To determine the amount of drug encapsulated in single drug loaded NPs, empty nanoparticles containing 1% Triton-x was used as blank. The concentration of gef NPs was calculated by measuring the absorbance of gefitinib at 331 nm using Nanodrop™ 2000c UV-Vis spectrophotometer (Thermo Fisher Scientific, Delaware City, DE, USA). Likewise, the concentration of GSK461364A NPs was calculated by their absorbance at 311 nm. To determine the amount of both the drugs encapsulated in the combo NPs, we used the following method. The concentration of GSK461364A in combo NPs was determined by blanking with gef NPs and similarly the concentration of gefitinib in combo NPs was measured by blanking with GSK461364A NPs. The absorbance peaks of the combo NPs are shown in Supplementary Figure S2A,B. Although the wavelengths of both the drugs are not far apart, the absorbance values were confirmed using High Performance Liquid Chromatography (HPLC) (Agilent 1100) as explained in the Section 2.4.1. Percentage of encapsulation of drugs was calculated as follows.
% Drug encapsulation efficiency = (Amount of drug in mg upon characterization/Amount of drug added during synthesis) × 100

2.2. In Vitro Stability of Co-Loaded PLGA-PEG Nanoparticles

In vitro stability of combo NPs was investigated by storing the formulation at 4 °C and in media containing 10% FBS at 37 °C to monitor their stability for shelf life and at a physiologically relevant temperature.

2.3. Stability of Free vs.
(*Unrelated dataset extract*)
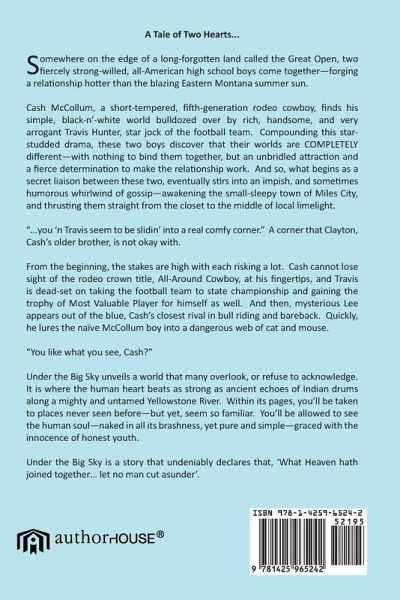 Somewhere on the edge of a long-forgotten land called the Great Open, two fiercely strong-willed, all-American high school boys come together-forging a relationship hotter than the blazing Eastern Montana summer sun. Cash McCollum, a short-tempered, fifth generation rodeo cowboy, finds his simple, black-n'-white world bulldozed over by rich, handsome Travis Hunter, star jock of the football team. And what begins as a secret liaison between them, eventually stirs up into an impish, and sometimes humorous, whirlwind of gossip-awakening the small, sleepy town of Miles City. ".you 'n Travis seem to be slidin' into a real comfy corner." A corner that Cash's older brother, Clayton is not okay with. As time passes, and the friendship deepens, it's their extreme popularity that continues to attract a whole lot of unwanted attention-thrusting them from the closet into the middle of local limelight. From the beginning, the stakes are high with each risking a lot. Cash cannot lose sight of the rodeo crown title, All-Around Cowboy, at his fingertips; and Travis is dead-set on taking the football team to state championship-gaining the trophy of Most Valuable Player for himself as well. Compounding this star-studded drama, these two boys also discover their worlds are COMPLETELY different-with nothing to bind them together but an unbridled attraction and a fierce determination to make the relationship work. "We're comin' from two different cultures-can't you see that? Cash forces Travis to smell the roses. "You obviously come from money. I don't. I never will." It's Travis' persistence, however, that keeps them glued together. ".I can't live without you, Cash, because it's you. who makes me a better guy ." Under the Big Sky unveils a world that many overlook, or refuse to acknowledge. It is where the human heart beats as strong as ancient echoes of Indian drums along a mighty and untamed Yellowstone River. Within its pages, you'll be take

Nano Drug in Media Containing Fetal Bovine Serum

In vitro stability of gefitinib in free form (free gef), GSK461364A in free form (free GSK461364A) was compared against the stability of gef NPs, GSK461364A NPs (of same concentrations as free drugs) and combo NPs by incubating the same concentration of each of the drugs in MEM alpha media containing 10% FBS. The absorbance readings were measured at different time intervals until 48 h and the decrease in concentration of drugs was plotted against time.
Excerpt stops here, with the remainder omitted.